> [Prompt] Your reply must contain the full listing below, reproduced exactly, but no pictures.

> [Data block]
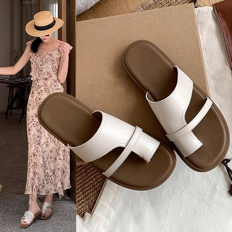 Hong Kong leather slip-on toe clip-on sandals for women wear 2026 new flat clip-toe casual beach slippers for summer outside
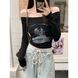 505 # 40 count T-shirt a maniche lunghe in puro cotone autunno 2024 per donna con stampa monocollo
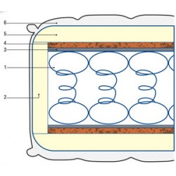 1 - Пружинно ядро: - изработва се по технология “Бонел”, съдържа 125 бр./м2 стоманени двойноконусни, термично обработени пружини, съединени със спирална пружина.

> [Result of the exercise]
 Hong Kong leather slip-on toe clip-on sandals for women wear 2026 new flat clip-toe casual beach slippers for summer outside
 505 # 40 count T-shirt a maniche lunghe in puro cotone autunno 2024 per donna con stampa monocollo
 1 - Пружинно ядро: - изработва се по технология “Бонел”, съдържа 125 бр./м2 стоманени двойноконусни, термично обработени пружини, съединени със спирална пружина.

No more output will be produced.